System Design: The survey emphasizes the importance of modular architectures that allow for flexible integration of retrieval, reasoning, and tool use. Iterative, agentic frameworks require careful orchestration of retrieval calls, reasoning steps, and evidence aggregation, often under tight latency and resource constraints.

Retrieval Strategies: Advanced systems employ dynamic query planning, adaptive retrieval depth, and memory-aware caching to balance efficiency and coverage. Graph-based and knowledge-guided retrieval is particularly effective in domains with structured data.

Reasoning Workflows: Chain-based approaches are efficient but susceptible to error propagation; tree- and graph-based methods offer higher recall and robustness at the cost of increased computational overhead. The choice of workflow should be guided by task complexity, domain structure, and resource availability.

Agent Orchestration: Single-agent systems are simpler to implement but may struggle with specialization and scalability. Multi-agent systems enable modularity and robustness but introduce coordination and communication overhead. Reinforcement learning and instruction tuning are effective for aligning agent behavior with task objectives and user preferences.

Performance and Scaling: Synergized RAG-reasoning systems can incur significant latency due to iterative retrieval and reasoning. Techniques such as thought distillation, length-penalty, model compression, and budget-aware planning are necessary for practical deployment. The survey notes that executing a single deep research query can take over 10 minutes in some settings, underscoring the need for efficiency optimizations.

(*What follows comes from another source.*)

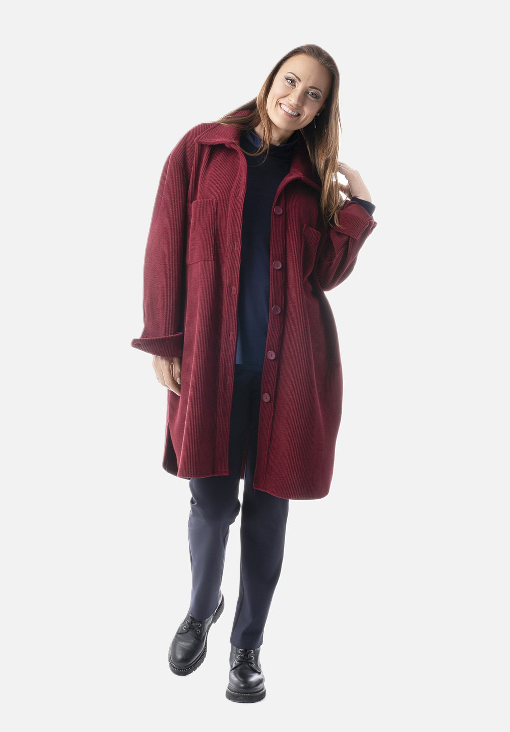 Fashionably casual and super comfortable shirt jacket from Pure Essence is styled in a soft and luxurious corduroy knit fabric with a button up front closure, front patch pockets and long sleeves.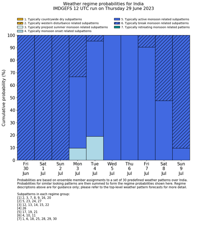 | Weather patterns typically associated with summer monsoon tendencies over India are most likely Weather patterns 12, 13, 15, 15 and 22 (pre/post summer monsoon); 26 (onset); 17, 19 and 21 (active); 4, 10 and 11 (break) | |

Open Challenges and Future Directions

The survey identifies several key challenges and research opportunities:

  • Reasoning Efficiency: Reducing latency and computational cost through latent reasoning, strategic control of reasoning depth, and model compression.
  • Human-Agent Collaboration: Developing interactive interfaces and adaptive agents that can incorporate user feedback and intent, especially in open-ended or high-stakes domains.
  • Agentic Capabilities: Advancing frameworks for dynamic tool selection, retrieval planning, and adaptive orchestration across reasoning workflows.
  • Multimodal Retrieval and Reasoning: Extending current systems to handle images, tables, and heterogeneous documents, with unified multimodal retrievers and cross-modal reasoning.
  • Trustworthiness and Robustness: Ensuring the reliability of retrieved content through watermarking, uncertainty quantification, and robust generation, especially in adversarial or noisy environments.

Implications and Outlook

The integration of retrieval and reasoning in LLMs, particularly through agentic and synergized frameworks, represents a significant advance in the pursuit of robust, trustworthy, and adaptive AI systems. These developments have immediate practical implications for open-domain QA, scientific discovery, legal and medical reasoning, and interactive programming. The survey's taxonomy and benchmark analysis provide a foundation for systematic evaluation and comparison of RAG-reasoning systems, while its discussion of open challenges points to critical areas for future research.

The move toward agentic, multimodal, and human-centric RAG-reasoning systems is likely to drive further progress in both the theoretical understanding and practical deployment of LLMs in complex, real-world environments. The survey's comprehensive synthesis and practical focus make it a valuable resource for researchers and practitioners seeking to design, implement, and evaluate advanced RAG-reasoning architectures.